Lesser-seen OW-approved titles

 

It Came From Kuchar

The Devil’s Cleavage, Hold Me While I’m Naked and I Was a Teenage Rumpot hardly sound like classic films, but in the world of underground cinema these are as well-known as Casablanca. They’re the works of the Kuchar brothers – two of the biggest names in the B-movie world – and, understandably, a documentary about their lives and work might not be that appealing if the viewer has no concept of that genre. But Kuchar, writer-director Jennifer M. Kroot’s homage to the twins, does a good job selling their style and wit against the backdrop of the 1960s and ’70s, splicing clips of their zany films with interviews with filmmakers like John Waters, who cites George and Mike as one of his biggest influences. (available now)

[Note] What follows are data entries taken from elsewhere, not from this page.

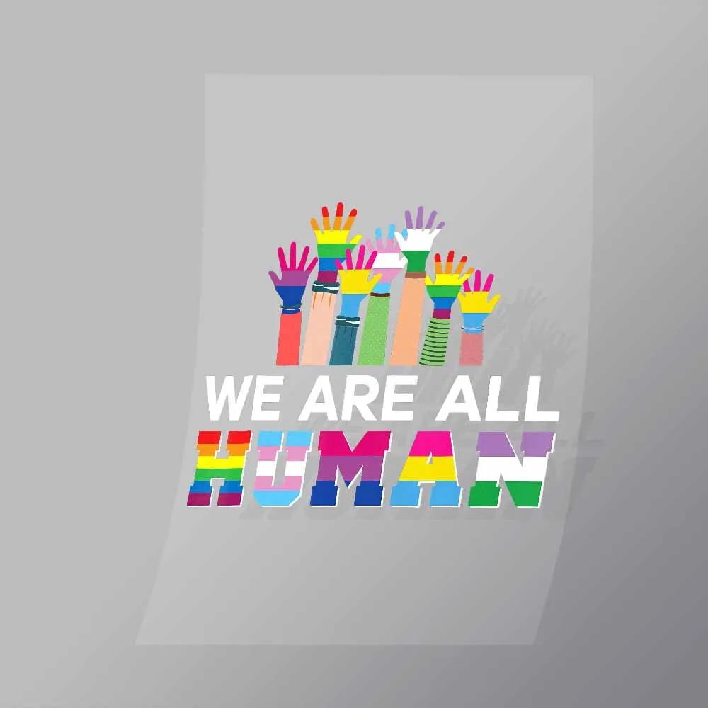 A great Human Pride Hands DTF (Direct to Film) Transfer available in multiple sizes. (Beased on width at artwork aspect ratio)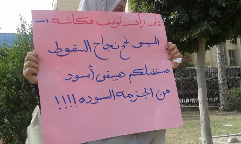 نظمت طالبات جامعة الأزهر فرع تفهنا الأشراف سلسة طلابية، صباح اليوم السبت، قبل دخولهن للامتحان، معلنات عن تضامنهم مع المعتقلين السياسين في إضرابهم، ومطالبات بالإفراج عنهم. وأكدت الطالبات رفضهن لما سموه بالمسرحية الهزلية، مرددات هتافات منددة بحكم العسكر والانقلاب العسكرى، وطالبن أيضا بعودة الرئيس محمد مرسي.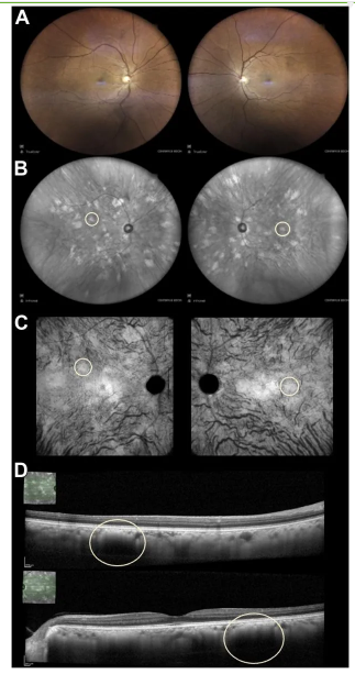 在深部脉络膜12×12mm平面光学相干断层扫描图像(图C)及双眼横断面光学相干断层扫描图像(图D)中,相应的脉络膜结节(以黄色圆圈标示)均呈现高反射性。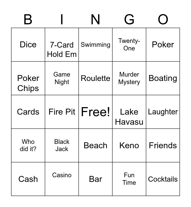 This bingo card has a free space and 24 words: Black Jack, Casino, Roulette, Cash, Poker, Dice, Poker Chips, 7-Card Hold Em, Lake Havasu, Beach, Murder Mystery, Cards, Keno, Friends, Game Night, Fun Time, Laughter, Swimming, Boating, Fire Pit, Cocktails, Who did it?, Twenty-One and Bar.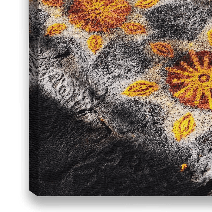Lebendige Blumenmuster tanzen auf dem steinernen Boden, eingefangen im sanften Spiel von Licht und Schatten. Die warmen Gelbtöne strahlen eine einladende Energie aus, die jeden Raum erhellt. Ideal für die Küche, wo Kreativität und Genuss zuhause sind, bringt dieses Bild gleich Freude und Leben in den Alltag.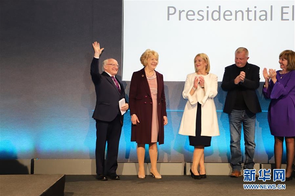10月27日,在愛爾蘭首都都柏林,希金斯(左一)在總統(tǒng)選舉獲勝后向支持者致意。愛爾蘭總統(tǒng)選舉機構(gòu)負(fù)責(zé)人27日晚宣布,愛爾蘭現(xiàn)任總統(tǒng)希金斯在26日舉行的選舉中獲勝,再次當(dāng)選總統(tǒng)。新華社發(fā)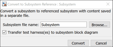 Укажите имя компонента подсистемы в поле Имя файла подсистемы. Имя должно быть допустимым именем MATLAB. При преобразовании создается файл подсистемы в текущей папке. Чтобы создать файл в определенном месте, нажмите кнопку Обзор и перейдите к месту сохранения. Затем перенесите существующие тестовые жгуты в блок-схему подсистемы. Для передачи тестовых жгутов установите флажок Передать тестовые жгуты на блок-схему подсистемы и нажмите кнопку Преобразовать.

Special Features: Commentary with the Kuchar brothers and director, deleted scenes.

Pretty Bird

Is Billy Crudup the new Paul Rudd – a once-bland screen presence who discovers, late-career, a heretofore-unseen hilarious side? Pretty Bird, a quirky start-up comedy starring Crudup as a platitudinous entrepreneur who dreams of a business that sells jetpacks, suggests so with his cheeky, naturally endearing performance. Written and directed by Parks and Recreation star Paul Schneider, the easygoing film also stars Paul Giamatti as a disturbed rocket scientist and Kristen Wiig, playing it down just a tad, as a potential love interest for Crudup. It’s tonally messy – the movie can’t decide what it wants to be and finally settles on a wisp of a narrative – but engagingly so. By the time the rocket takes flight, Schneider has satisfied our expectations enough to diverge into a darker rant. (available now)

Special Features: None.

When You’re Strange

A Film About the Doors: Brash, arrogant, pseudo-poetic and occasionally brilliant … and Jim Morrison is in it, too! This worshipful collection of previously unseen Doors footage (which is often a marvel to witness) suffers from awe-inspired narration from Johnny Depp and an overall sense that director Tom DiCillo, who made one of the best movies about movies ever with 1995’s Living in Oblivion, has spent too much time admiring the 1960s acid-rock band and too little dissecting their briefly all-encompassing stature as rock gods. Why did Morrison, preening and posing in nearly every piece of footage, hold any sway over the rock world post-LSD? Although distant and incurious, this film works on the merits of its footage alone, including an interesting short film starring Morrison alone as a road-tripping hippie. (available now)

Special Features: Exclusive interview with Jim Morrison’s father.